A programação da campanha “Agosto Lilás”, promovida por meio da Secretaria Especial das Mulheres da Prefeitura de Juiz de Fora (PJF), contará, entre os dias 24 e 26 de agosto, com o 2º Mutirão de Regulamentação de Pensão Alimentícia e Guarda de Filhos. A ação ocorrerá na Casa da Mulher, localizada na Av. Garibaldi Campinhos, 169, no bairro Vitorino Braga.
As vagas são limitadas com distribuição de senhas entre 8h e 9h para atendimento no mesmo dia até as 12h. O evento será realizado em parceria com a Defensoria Pública de Minas Gerais, com o apoio dos Núcleos de Práticas Jurídicas das faculdades UniAcademia e Universo.
Documentos necessários
As mulheres interessadas em participar deverão apresentar carteira de identidade, CPF, comprovante de residência emitido nos últimos três meses, comprovante de renda ou CadÚnico atualizado e certidão de nascimento do filho ou filha. Também será necessário informar os dados da pessoa de quem será solicitada a pensão, incluindo nome completo, CPF, endereço, telefone e empregador atual.

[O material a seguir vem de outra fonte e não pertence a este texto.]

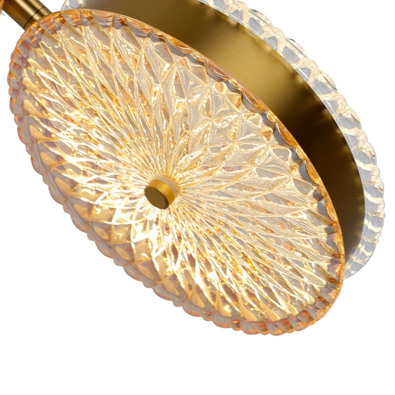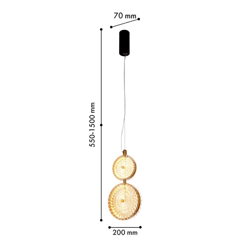 Каркас черного цвета, подвес состоит из двух плафонов разного размера, каждый плафон состоит из двух узорных стеклянных дисков прозрачного и янтарного цвета, внутри которых расположен LED-модуль, регулируемая высота.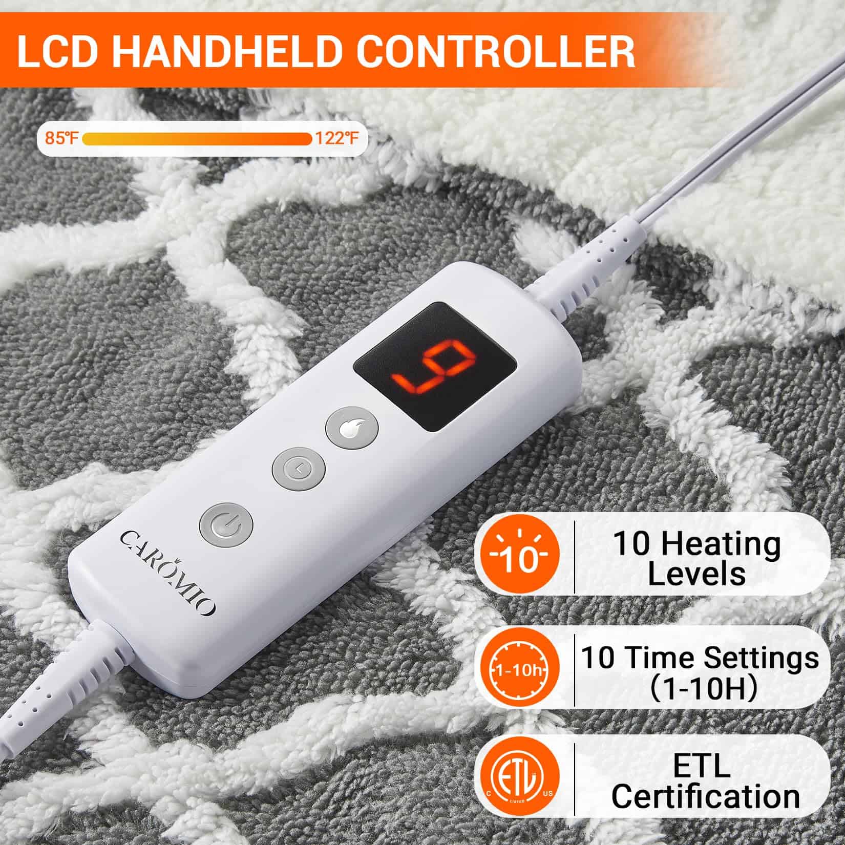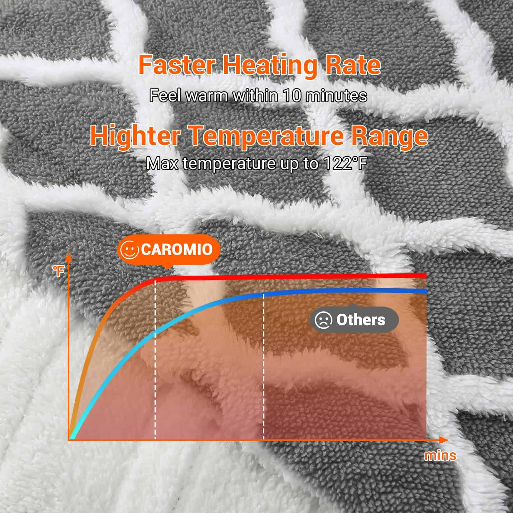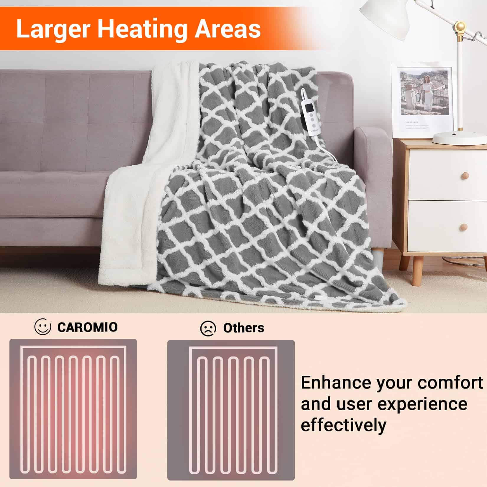 Manta Eléctrica CAROMIO, Cobertor Calefactable Sherpa con 6

O serviço é gratuito e destinado a pessoas com renda individual de até três salários mínimos ou renda familiar de até quatro salários mínimos. Para ter acesso, não é considerada a soma de benefícios como BPC e Bolsa Família, nem contribuições previdenciárias e Imposto de Renda. Também é necessário não possuir bens móveis e investimentos com valor superior a 40 salários-mínimos ou imóveis avaliados acima de 300 salários-mínimos.
Outras ações do Agosto Lilás
Na quarta-feira, 26, a programação do Agosto Lilás segue com uma Reunião Pública da Rede de Enfrentamento à Violência Doméstica (Revid), no Fórum Benjamin Collucci (R. Marechal Deodoro, 662, Centro), às 17h30. O encontro tem como objetivo estreitar os laços com a sociedade, apresentar o papel de cada instituição, os serviços disponíveis e os caminhos de acesso à proteção e ao atendimento às mulheres em situação de violência.
A atividade contará com a participação de representantes das instituições que integram a Rede e será organizada em duas mesas de debate, promovendo uma discussão interdisciplinar sobre o enfrentamento à violência doméstica, a responsabilização dos autores de violência e os desafios para o fortalecimento das políticas públicas. A mesa será formada por representantes da PJF; da Secretaria Especial das Mulheres; da Vara de Violência Doméstica; da Promotoria de Justiça; da Delegacia Especializada de Atendimento à Mulher (DEAM); do Central de Acompanhamento de Alternativas Penais (Ceapa); da Universidade Federal de Juiz de Fora (UFJF) e do projeto Casa da Palavra.
20 anos da Lei Maria da Penha
O “Agosto Lilás” é uma campanha nacional voltada à conscientização e ao enfrentamento da violência contra as mulheres e, este ano, está celebrando os 20 anos de criação da Lei Maria da Penha (Lei federal n.º 11.340 de 7 de agosto de 2006) e tornou-se um importante período de conscientização, prevenção e fortalecimento das redes de proteção às mulheres.
A campanha busca promover uma mudança de comportamento e reforçar que o enfrentamento à violência contra a mulher é uma responsabilidade de toda a sociedade. A iniciativa destaca que reconhecer os sinais de violência, acolher mulheres em situação de vulnerabilidade e orientar sobre os canais e serviços de apoio são atitudes fundamentais para prevenir e combater esse tipo de violência.
Casa da Mulher
A Casa da Mulher conta com funcionamento de segunda a sexta-feira, das 8h às 17h, e fica localizada na Av. Garibaldi Campinhos, 169, no bairro Vitorino Braga, em frente ao Colégio Santos Anjos. A instituição oferece acolhimento imediato a mulheres em situação de violência ou vulnerabilidade. O atendimento pode ser buscado diretamente no espaço ou por encaminhamento de órgãos da rede, como Polícia Militar e Civil, Ministério Público, Poder Judiciário, Conselho Tutelar e secretarias de Saúde, Assistência Social e Educação da Prefeitura de Juiz de Fora.
O espaço oferece:
Atendimento social e psicológico;
Orientação jurídica especializada, incluindo medidas protetivas;
Encaminhamento para serviços de saúde, habitação e empregabilidade;
Oficinas de arteterapia, costura, ginástica, yoga e capacitação profissional;
Atividades de prevenção e fortalecimento da autonomia das mulheres.
Após o primeiro atendimento, cada caso é acompanhado pela equipe técnica de forma individualizada, em articulação com toda a rede de proteção, garantindo suporte contínuo para a superação da situação de violência.